### YOUR TASK
When you reach the line with "- Proper Size" in the data below, begin printing lines exactly, and stop once the line with "Páros kulcstartó gravírozott" has been printed.

### DATA EXTRACT
⟨

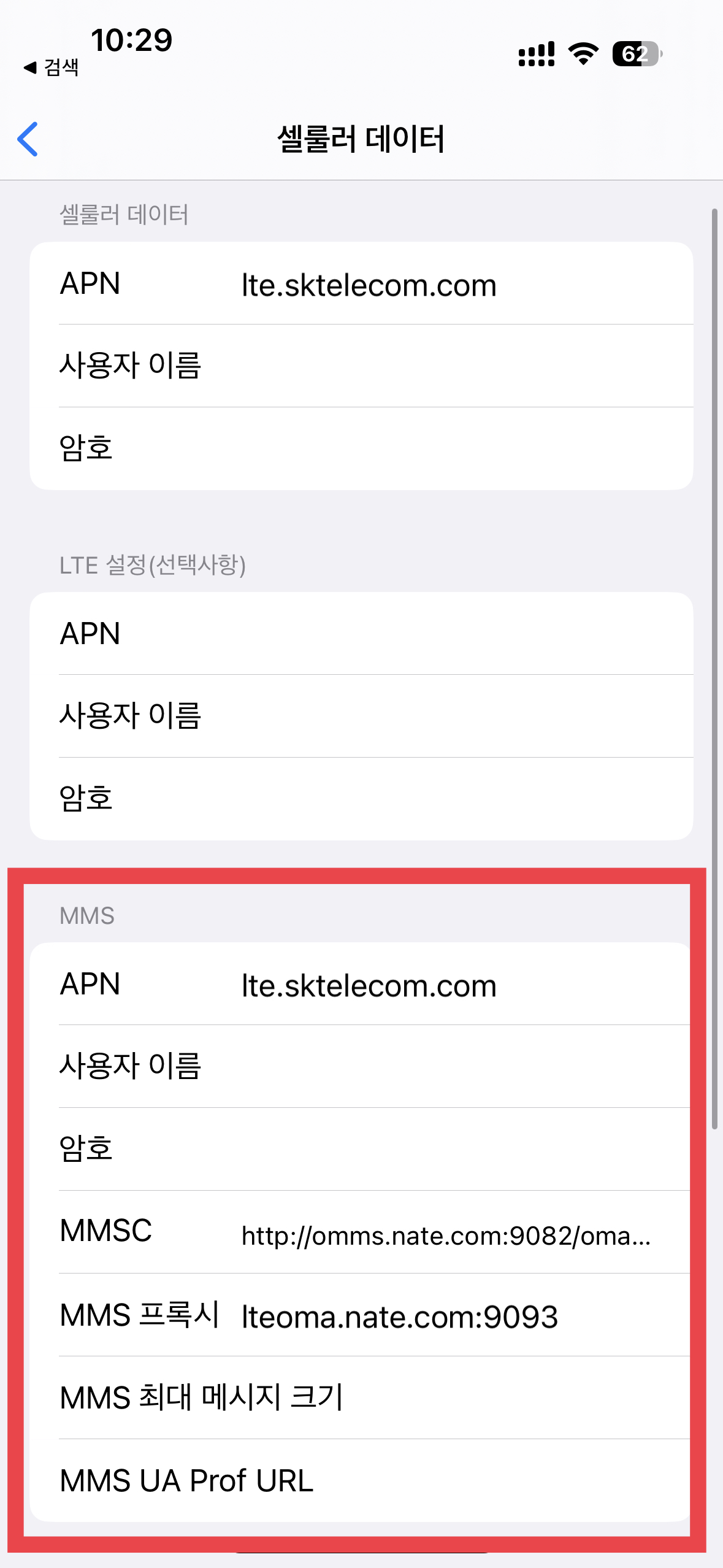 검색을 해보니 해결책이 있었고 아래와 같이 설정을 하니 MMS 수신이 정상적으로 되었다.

⟩
⟨

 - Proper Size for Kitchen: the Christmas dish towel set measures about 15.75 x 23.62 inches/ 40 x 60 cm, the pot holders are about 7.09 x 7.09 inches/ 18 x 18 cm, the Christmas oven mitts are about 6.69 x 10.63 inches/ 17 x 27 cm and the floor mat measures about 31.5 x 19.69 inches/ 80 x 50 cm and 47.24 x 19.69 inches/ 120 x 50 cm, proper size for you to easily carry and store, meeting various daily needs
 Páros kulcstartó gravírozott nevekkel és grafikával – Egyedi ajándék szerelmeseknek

⟩

### ANSWER BOX
 - Proper Size for Kitchen: the Christmas dish towel set measures about 15.75 x 23.62 inches/ 40 x 60 cm, the pot holders are about 7.09 x 7.09 inches/ 18 x 18 cm, the Christmas oven mitts are about 6.69 x 10.63 inches/ 17 x 27 cm and the floor mat measures about 31.5 x 19.69 inches/ 80 x 50 cm and 47.24 x 19.69 inches/ 120 x 50 cm, proper size for you to easily carry and store, meeting various daily needs
 Páros kulcstartó gravírozott nevekkel és grafikával – Egyedi ajándék szerelmeseknek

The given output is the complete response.